If the square of a natural number is odd then this number is odd.

Question

My book says that

We represent $n$ as $n=2k+1$ where $k$ is from natural numbers or $k=0$

Then $n^2=(2k+1)^2=4k^2+4k+1$. We write $n^2=2(2k^2+2k)+1$ where $2k^2+2k$ is natural number or $0$ and we write it with $k_1$.

Now we can say that $n^2=2k_1+1$ where $k_1$ is a natural number or $0$. This proves what we wanted to know.

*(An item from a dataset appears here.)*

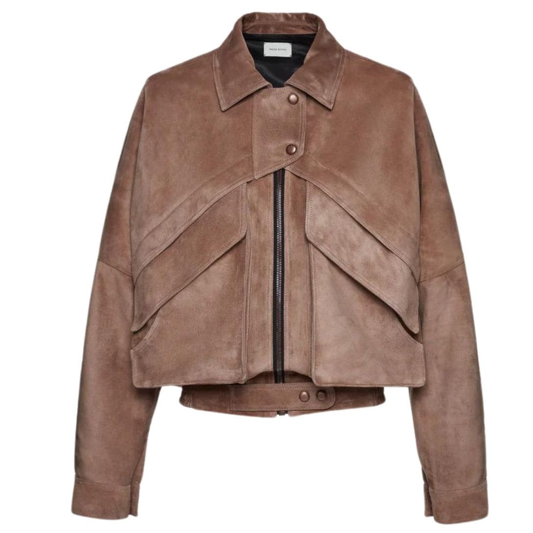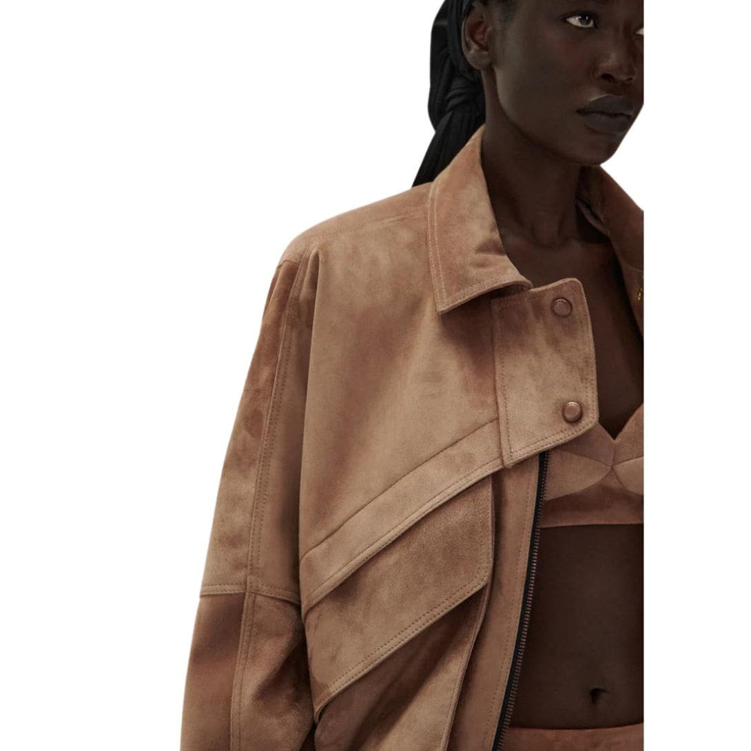 MAGDA BUTRYM CROPPED SUEDE BIKER JACKET IN BROWN
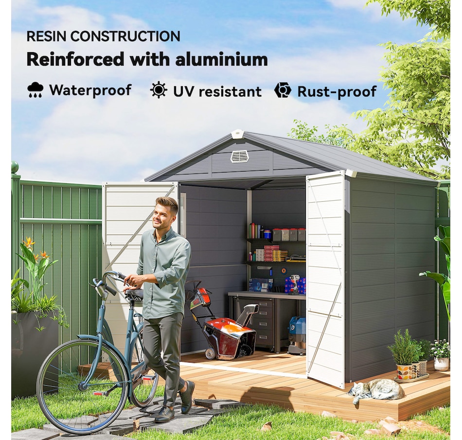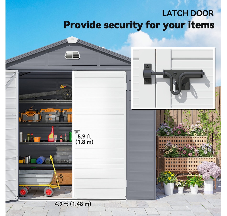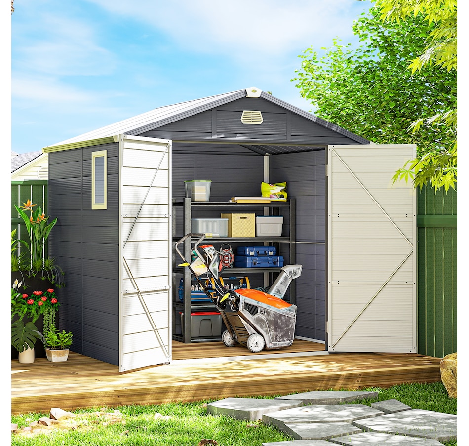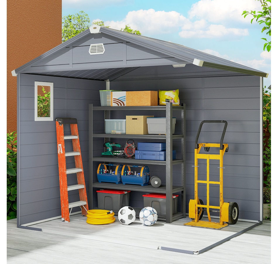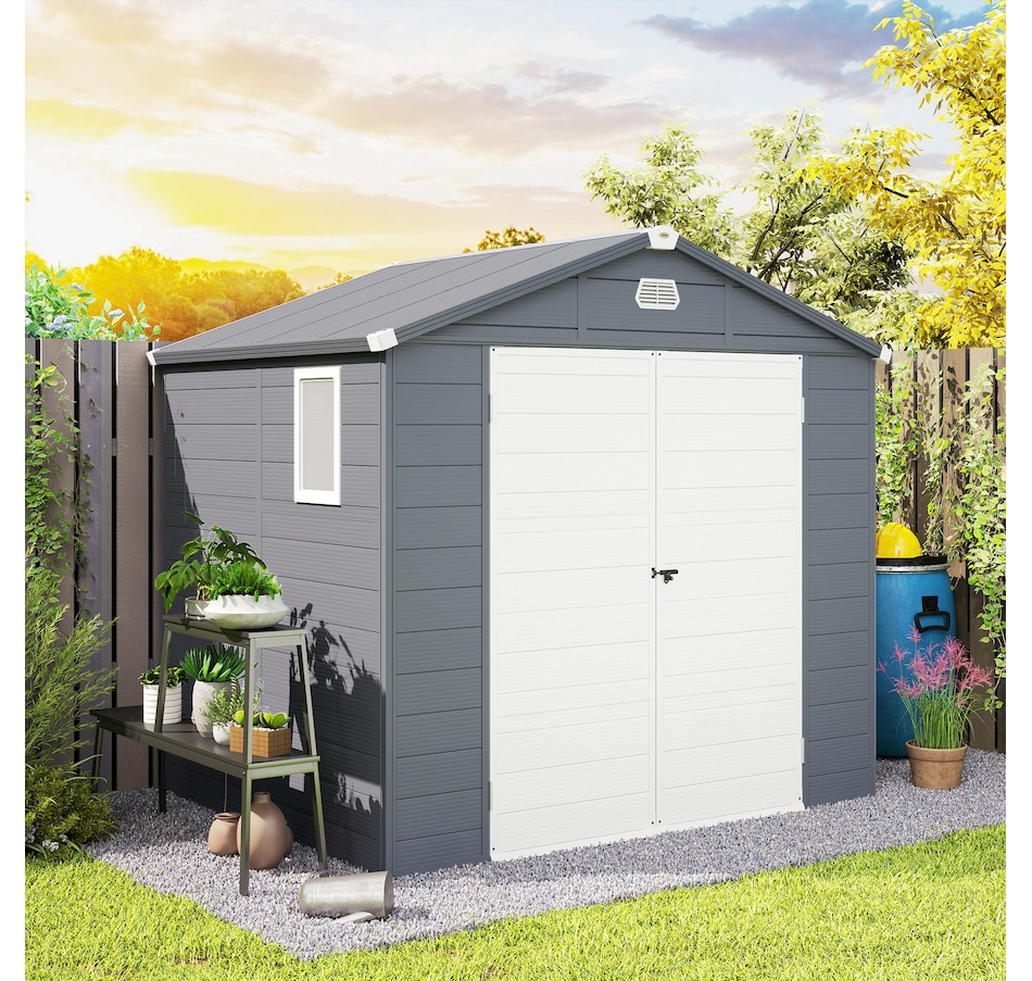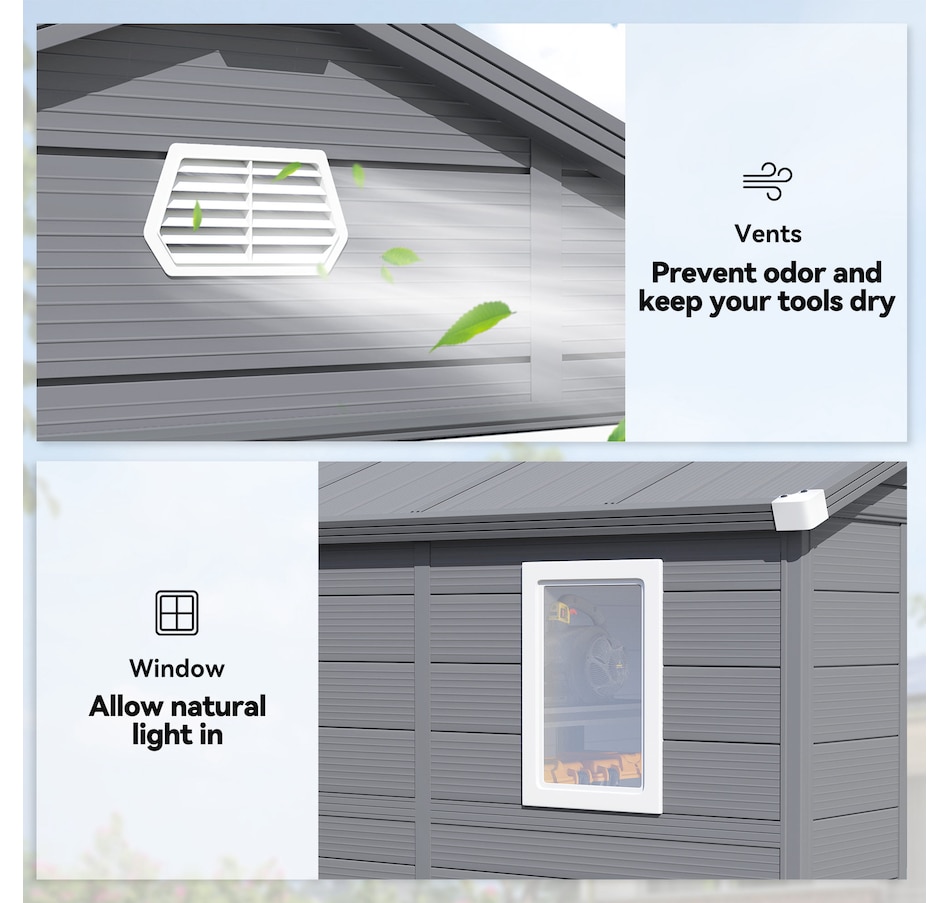 8' x 6' Plastic Garden Storage Shed with Air Vents, Light Grey

Now I don't get the last part of proof when we replaced the $2k^2+2k$. Can anyone help me?

Answer 1

The proof presented by your book actually proves the converse of the statement in the title:

If a number is odd, then the square of that number is odd.

As hinted in the comments, a quick way to prove the original statement in your title is to prove its contrapositive instead.

If a number is even, then the square of that number is even.

Answer 2

An other way :

Let $n=p_1\cdot ...\cdot p_m$ the prime decomposition of $n$. Since $$n^2=p_1^2\cdot ...\cdot p_m^2$$ is odd, $2$ don't divide any $p_i^2$, and thus $2$ don't divide any $p_i$ since $2\mid p_i\implies 2\mid p_i^2$. Therefore, $2$ don't divide $n$ and thus $n$ is odd.